27 Nov 2023 8:59 PM | Anonymous

When did you last change your passwords? If you are like the majority of people, it has been a while. The time to change your passwords is NOW. 

The following is from an article in the Georgia Tech web site:

Three out of four of the world’s most popular websites are failing to meet minimum requirement standards and allowing tens of millions of users to create weak passwords. The findings are part of a new Georgia Tech cybersecurity study that examines the current state of password policies across the internet.

Using a first-of-its-kind automated tool that can assess a website’s password creation policies, researchers also discovered that 12% of websites completely lacked password length requirements.

Assistant Professor Frank Li and Ph.D. student Suood Al Roomi in Georgia Tech’s School of Cybersecurity and Privacy created the automated assessment tool to explore all sites in the Google Chrome User Experience Report (CrUX), a database of one million websites and pages.  

Li and Al Roomi's method of inferring password policies succeeded on over 20,000 sites in the database and showed that many sites:

  • Permit very short passwords
  • Do not block common passwords
  • Use outdated requirements like complex characters

The researchers also discovered that only a few sites fully follow standard guidelines, while most stick to outdated guidelines from 2004. The project was 135 times larger than previous works that relied on manual methods and smaller sample sizes.

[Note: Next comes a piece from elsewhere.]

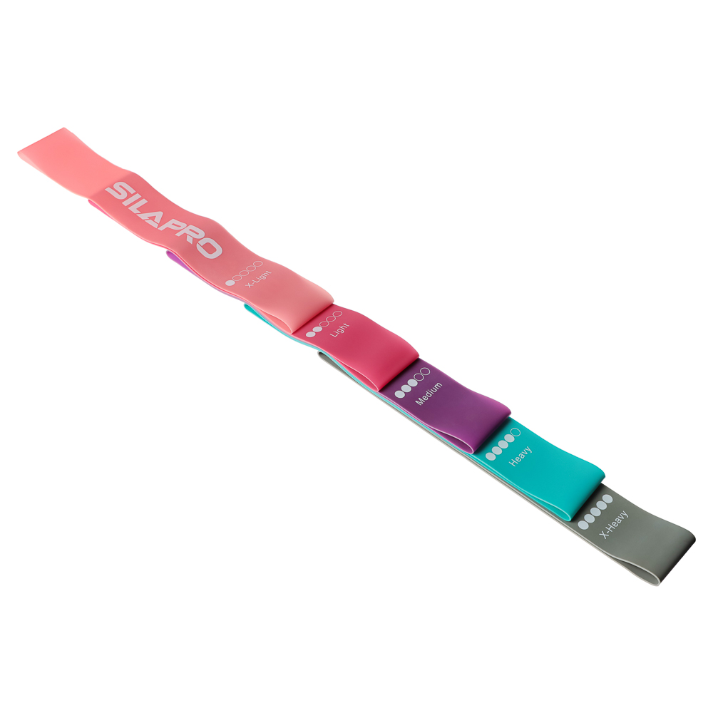 6 причин купить фитнес резинки Silapro:• каждый цвет обозначает уровень сопротивления: легкий, средний, тяжелый;• набор подходит для самых разнообразных упражнений: приседаний и выпадов;• тренируют ноги, бедра, пресс и ягодицы, помогают достичь идеальной фигуры;• легкие и компактные — резинки для фитнеса удобно брать в путешествия и спортзал;• можно прорабатывать любые группы мышц и увеличить эффективность обычных упражнений;• минимальный риск получить травму — с набором спортивных резинок справится даже новичок.
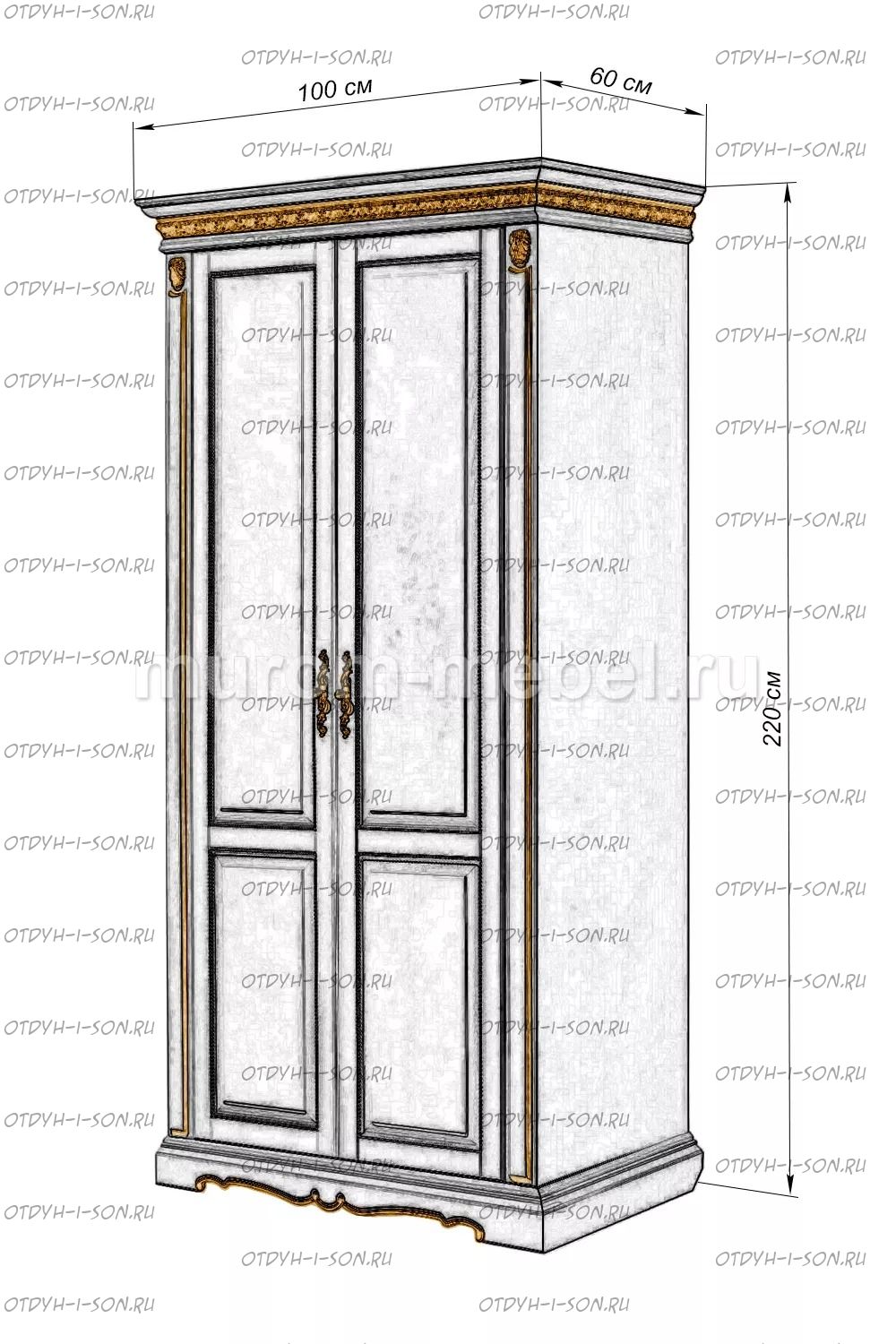 Шкаф Милано 2-х створчатый Характеристики: Внешние габариты (ШхГхВ): 1000х600х2200 мм Материал: массив дерева Цвета: венге 1, венге 2, венге 3, венге 4, венге тон 2, коричневый тон 2, коричневый 1, коричневый 2, коричневый 3, коричневый 4, красно-коричневый тон 2, красно-коричневый 1, красно-коричневый 2, красно-коричневый 3, красно-коричневый 4, лак Стоимость в цветах Белая эмаль, Слоновая кость, Выбеленный дуб, Венге перламутровый и Красный +25% к стоимости изделия.

More than half of the websites in the study accepted passwords with six characters or less, with 75% failing to require the recommended eight-character minimum. Around 12% of had no length requirements, and 30% did not support spaces or special characters.

Only 28% of the websites studied enforced a password block list, which means thousands of sites are vulnerable to cyber criminals who might try to use common passwords to break into a user’s account, also known as a password spraying attack.